AW: If secrecy is an element of being a part of the occult, then nonheteronormative practices have operated for centuries and decades in the shadows. In the backrooms. In secrecy. In closets. What I think is necessary is mentorship, intergenerational conversations where knowledge is passed down, and the creation of archives throughout LGBTQIA communities, not just in popular cities. We need to see ourselves, diversely, to counter and balance the narratives that operate in popular culture, and create our own models for storytelling — to be queer in the fabric of our craft. Like the hammer is queer because of the queer hand that wields it, and queer is this possibility that defies our imaginary. A different kind of knowledge is able to enter our intelligence when we are open in our exchanges, we learn to use our imaginations beyond what is expected of us.

Arisa White Nye Lyn Tho

BBF: As I read your book, You’re the Most Beautiful Thing that Happened I encounter various relational constellations or vignettes of encounter that illuminate the experience of intersectional identity in various locations i.e. on a road trip, at the temple, on the bus, in dreams…can you speak to the ways the relationship between site and identity are at work in this text?

AW: Every site has its ethos, its ways, customs that act on our expression, which impacts the degrees in which we live in aspects of our identity, in our bodies. The poems and verse in You’re The Most engages with this understanding in evocative ways to call attention to human behavior.

BBF: I am curious about the role earth plays in your book, I mean to say the presence of the dirt and cultivation, how this shows up at seemingly various moments in/across time. Can you speak to the role earth/growth/dirt/cultivation plays in this collection?

AW: Earth as the thing/place you’re bound to, where you will return at death. From the buried comes trees, something that will participate again in the ecosystem. When I went to graduate school, I was surrounded by farmlands. Tilled earth is so sensuous, alive, and I began to understand life in a different way than what I learned in the city; life as dynamic stillness — and from that stillness comes the corn and pumpkin for us to eat! Emotionally this collection grapples with loss, and so the earth reminded me that something will come of this pain and grief, something will grow out of the emptiness and apathy that is felt. I learned too to be with the weight of it all. A different relationship to gravity. To be here, and what it meant to be here, in the moment of life.

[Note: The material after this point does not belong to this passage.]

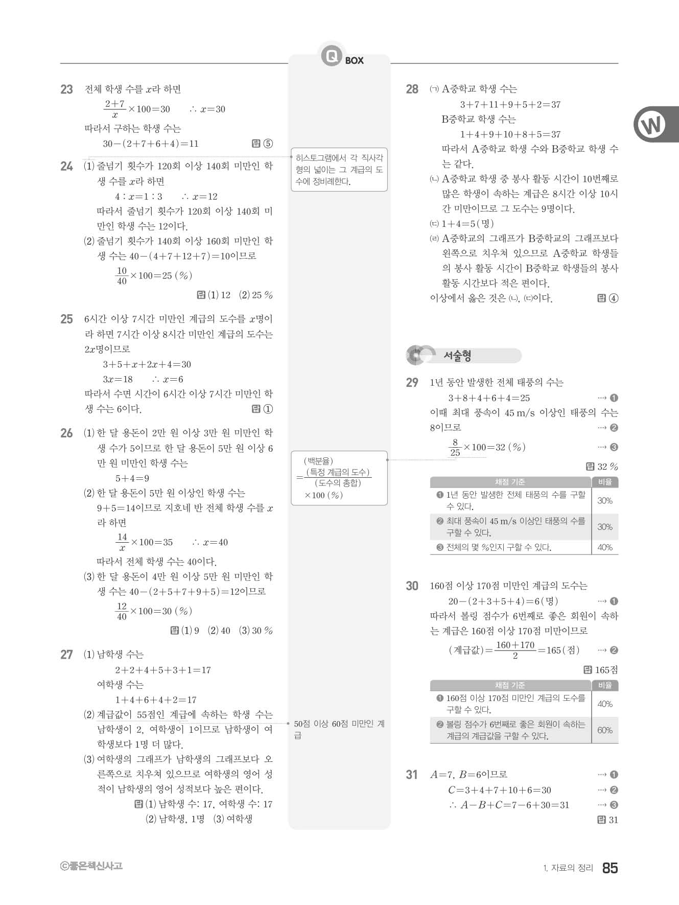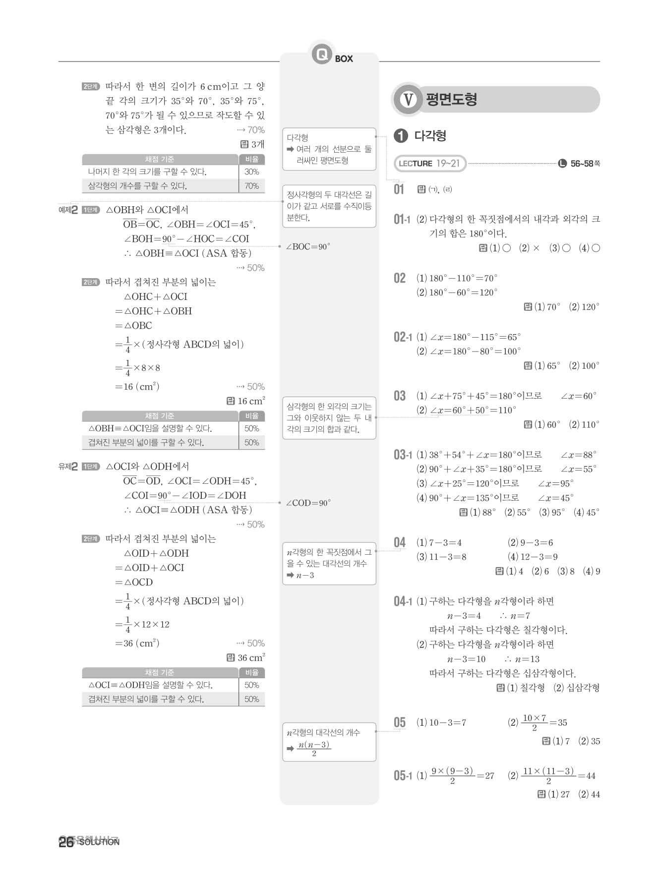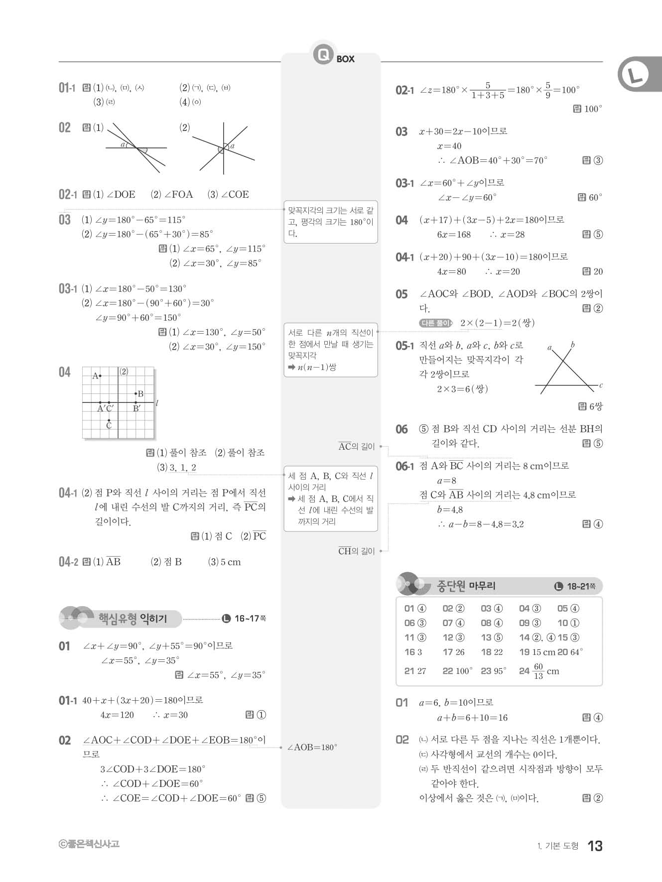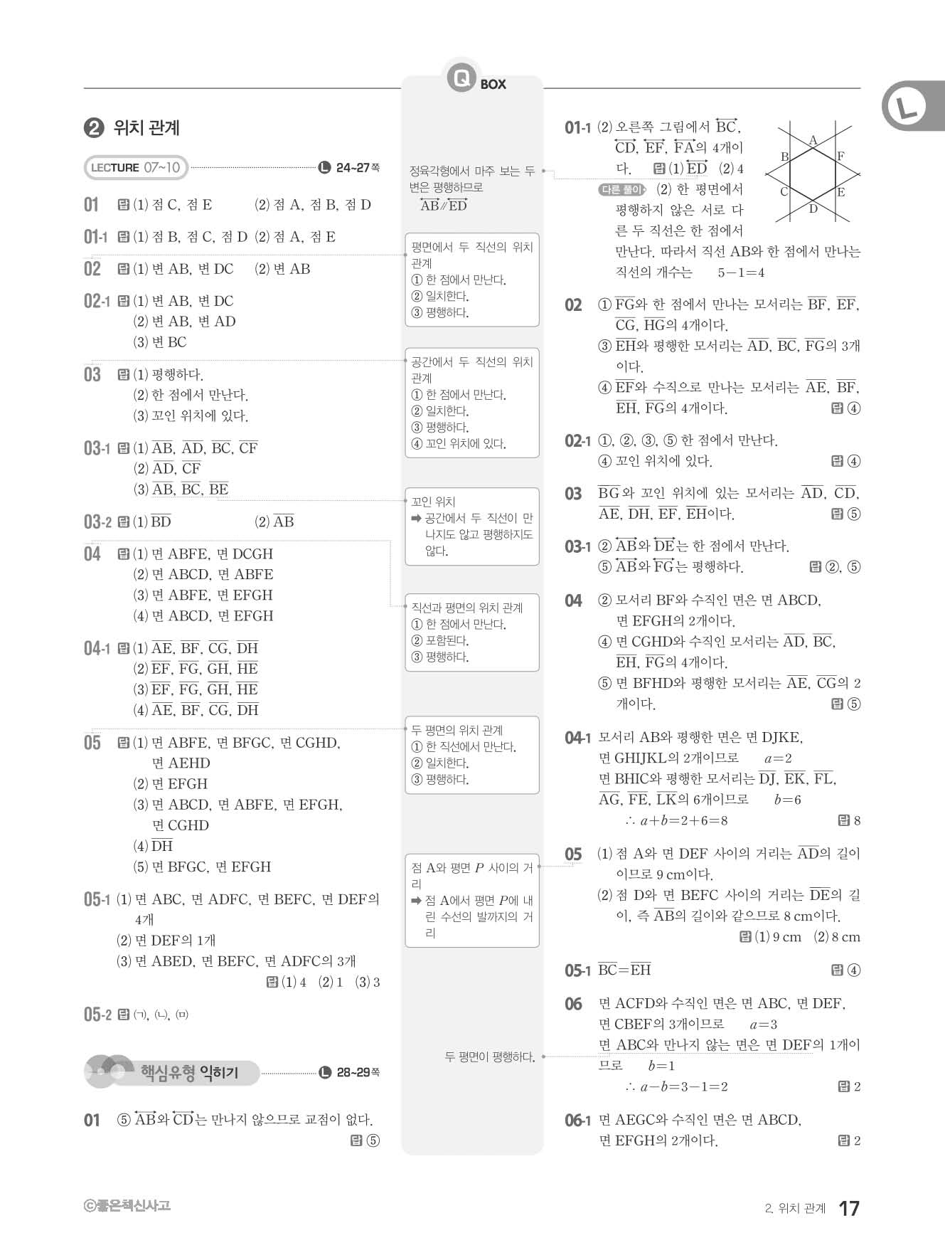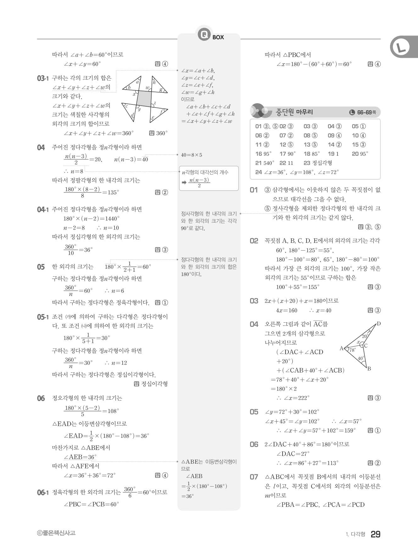 비상 우공비큐 표준편 중등수학1-2 답지 모바일최적화 사진답지 해설지

BBF: The East Bay Express recently wrote a lovely review of your book, calling it a “Love letter to queer black women,” and describing it as “documenting the lives of women she’s met — or conjured — throughout her tenure as a Black woman writer,” and as “a sort of communal autobiography.” Can you speak to these descriptions and how you see them operating in this work?

AW: I’m telling stories about the lives I’ve encountered, my personal experiences as well — a creative (non)fiction of lives and living. The “I” is a communal I, as a gaze, as a position, as a location. It can be shared.